Menurut Bahar, bukit dan hutan yang mengelilingi areal persawahan warga mulai gundul setelah kedatangan CV Arjuna. Perusahaan ini bahkan beroperasi hingga 24 jam, menghasilkan deru eksavator dan kepulan debu dari emas hitam.
 Sebuah alat berat sedang dioperasikan di areal pertambangan untuk menimbun kembali bekas lubang tambang di Kutai Kartanegara, Kamis, 25 Agustus 2016. (CNN Indonesia/Safir Makki) |
Aktivitas tambang CV Arjuna mendapat perlawanan alot dari Bahar. Dia menolak pertambangan karena asam tambang mencemarkan air bersih untuk irigasi pertanian, pertambakan, mandi, mencuci, dan konsumsi warga.
“Saat hujan deras, banjir itu bukan cuma air tapi bercampur lumpur. Ikan mati, tidak bisa lagi mengharap dari budidaya perikanan,” kata Bahar.
Tak ternilai berapa ratus hektare areal sawah yang tercemar lantaran aktivitas pertambangan. Belum termasuk dampak tak langsung warga yang terang-terangan menjual tanah garapannya untuk ditambang. Kini, sebagian mereka harus puas menjadi buruh tani setelah uang ratusan juta hasil menjual tanah sudah habis.
Menghasilkan gabah kering seberat 7 ton untuk sekali panen kini tinggal cerita.
“Dulu penghasilan saya sekitar Rp100 juta per tahun, tapi sekarang enggak bisa diprediksi,” Bahar berkisah.
Belum cukup dengan konsesi yang ada saat ini, CV Arjuna juga mengincar 10 ha lahan milik Bahar. Perwakilan CV Arjuna menawarkan uang Rp5 miliar untuk mendapatkan tanahnya, tapi dia menolak.
Bersama setidaknya 150 orang warga lain, Bahar kerap melakukan demonstrasi.

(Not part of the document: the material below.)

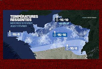 Idem pour les températures. -7 à Strasbourg : Pas de quoi faire frémir les oreilles d’éléphant d’une coiffe traditionnelle alsacienne. Mais si on annonce : -17 ressenti, alors là, c’est le live garanti. Et l’on retrouve notre envoyé spécial en direct depuis Souffelweyersheim, engoncé dans une doudoune Northface ou Canadian Goose, expliquant d’un ton grave : « Derrière moi le froid », alors là c'est tout bon.
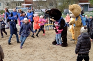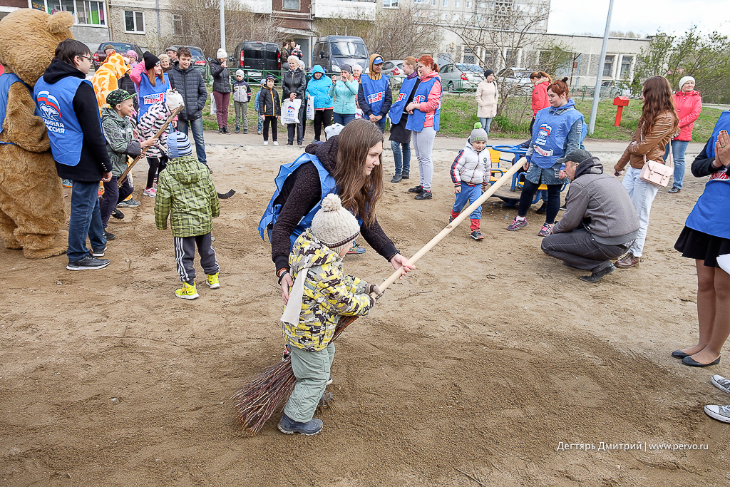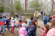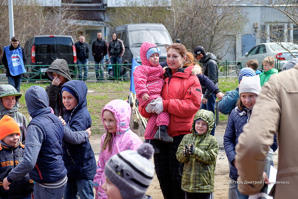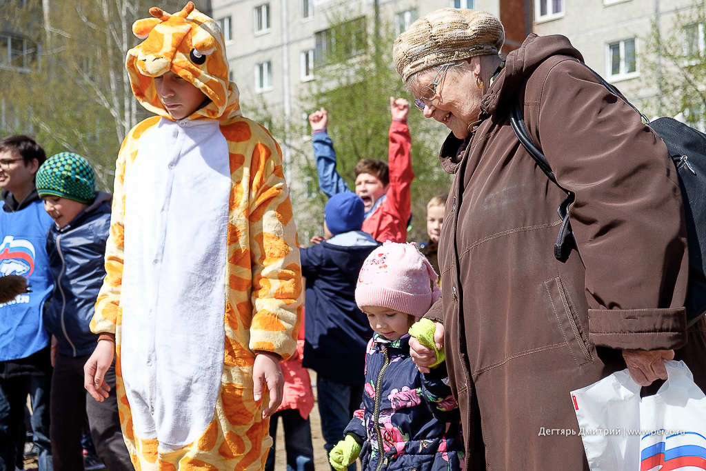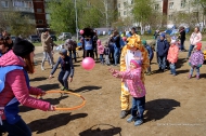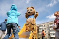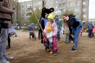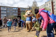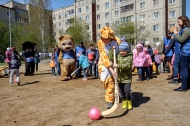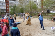 Медведи, фото на память с которыми, хотел сделать каждый ребенок, жираф и другие сказочные персонажи порадовали ребятню всех возрастов. Хоккей на земле, баскетбол с воздушными шарами и даже эстафета на метлах - каждый конкурс участники встречали радостными возгласами. Развлечение придумали не только для детей, но и их родителей – папам, к примеру, предложили побороться за звание самого сильного во дворе и потягать гирю.

Selain Kelompok Tani Tunas Muda yang dia pimpin, dua lainnya yaitu Kelompok Tani Karang Anyar dan Kelompok Budi Daya Ikan Terpadu juga ada dalam barisan para demonstran yang menolak hingga menggugat CV Arjuna.
“Target kami melakukan demo itu supaya bekas tambang semua direklamasi. Sekarang lubang ada di mana-mana, saat ini ada 11 lubang di Makroman yang belum ditutup. Kami juga ingin dampak lingkungan juga diatasi,” ceritanya.
Selain RT 13 yang didiami Bahar dengan 97 kepala keluarga lainnya, RT 17 dan RT 18 juga,terdampak langsung oleh aktivitas tambang CV Arjuna. “Yang paling parah memang RT 13,” tutur Bahar.
Bukan hanya aksi, melalui Gerakan Samarinda Menggugat, para korban tambang mengajukan gugatan warga negara di Pengadilan Negeri Samarinda, 23 Juni 2013. Gerakan ini menggugat Wali Kota Samarinda, Gubernur Kaltim, Kementerian Lingkungan Hidup dan Kehutanan, Kementerian ESDM, dan DPRD Kota Samarinda.
Pada Juli 2014, mereka memenangkan gugatan.
Dalam putusan yang dibacakan Ketua Majelis Hakim PN Samarinda Sugeng Hiyanto, para tergugat dinyatakan bersalah karena lalai melaksakan kewajiban menciptakan lingkungan hidup yang baik dan sehat. Pengadilan menghukum tergugat untuk menerbitkan kebijakan meliputi evaluasi seluruh izin tambang yang telah dikeluarkan.
Atas putusan itu, Pemkot Samarinda mengajukan banding, namun belum ada tindak lanjutnya hingga kini.
Bahar terus mengkhawatirkan dampak pertambangan hingga hari ini. Rumah Bahar seakan menjadi perisai terakhir melindungi areal sawah di Kelurahan Makroman dari tambang si emas hitam.